Of course, it wouldn’t have even happened if Howie Kendrick had fielded the grounder that started the play and/or not lazily tossed the ball back to second base instead of paying attention to the runner, but that really isn’t the point.
If there is a consolation here, it is that the Angels came out looking like choir boys. First, Hester shook off the hit and then did a fantastic job blocking the plate later in the inning. Second, the Angels took the high road and did not throw at Lawrie in his two subsequent at-bats (though I can’t prove my theory that Walden tried to hit Lawrie but his control is so bad that he missed by seven feet). Third, and most importantly, the Halo bats woke up after the play and stepped on Toronto’s throat with a few homers.
Message received and no international incident needed.
- Speaking of Walden, I think we just need to start calling him the Schizo Reliever. In one inning he walks two batters and gives up a huge three-run bomb but also makes J.P Arencibia and Jose Bautista look silly, striking them out with nasty sliders.
- When did Alberto Callaspo turn into a slugger?
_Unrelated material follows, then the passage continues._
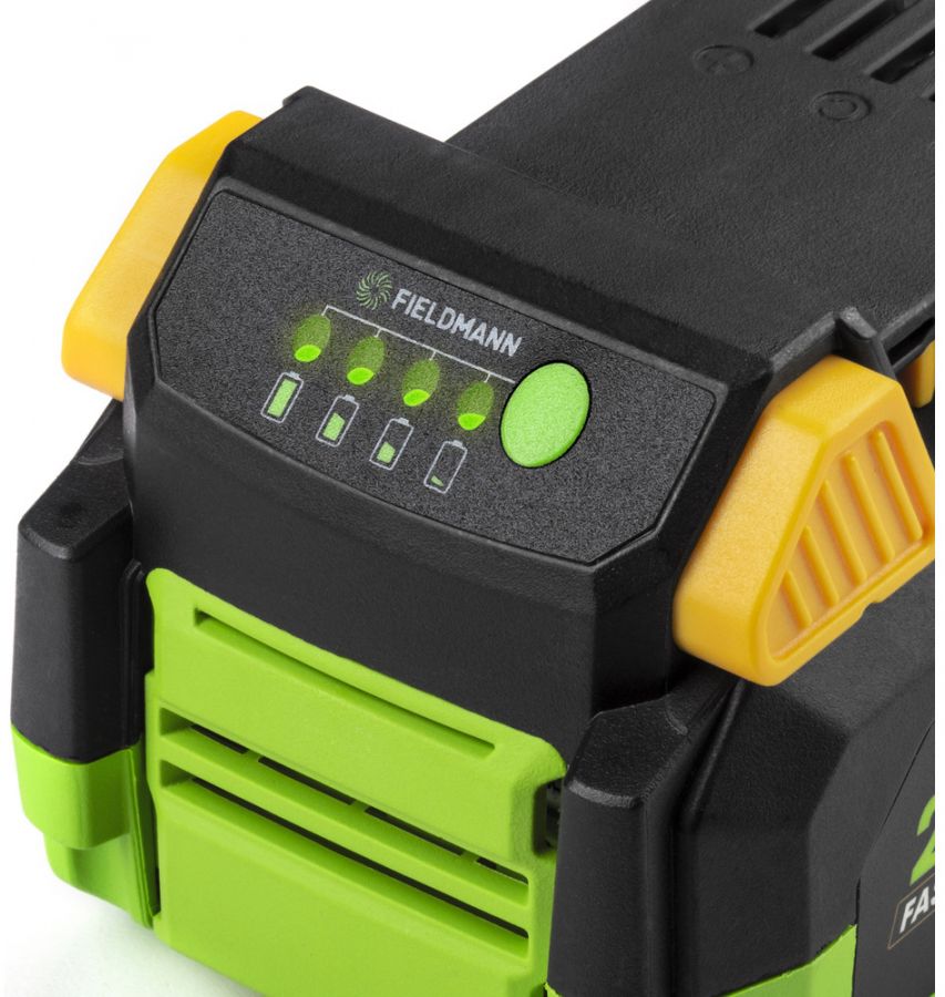 Li-Ion akumulátor renomované značky FIELDMANN představuje opravdovou špičku ve své kategorii. Je kompatibilní se všemi stroji řady AKU FAST POWER 20 V. Pro tento druh akumulátoru je typická extrémně dlouhá životnost i výdrž a především vyrovnaný výkon po celou dobu životního cyklu spolu s nízkou vahou.

Seriously, what’s going on with him. He is making me rethink my desire for the Halos to replace him with Chase Headley.
- I really can’t wait for the Angels to get out of Toronto. Something about that artificial turf makes them kick the ball around like Little Leaguers. However, I’m not sure what caused Torii Hunter to throw the ball to first base while nobody was covering it.
Other guys had better lines in the box score, but Hester gets the award for manning up, taking the hit, holding onto the ball and then stepping up to do the same damn thing a few batters later. Man points.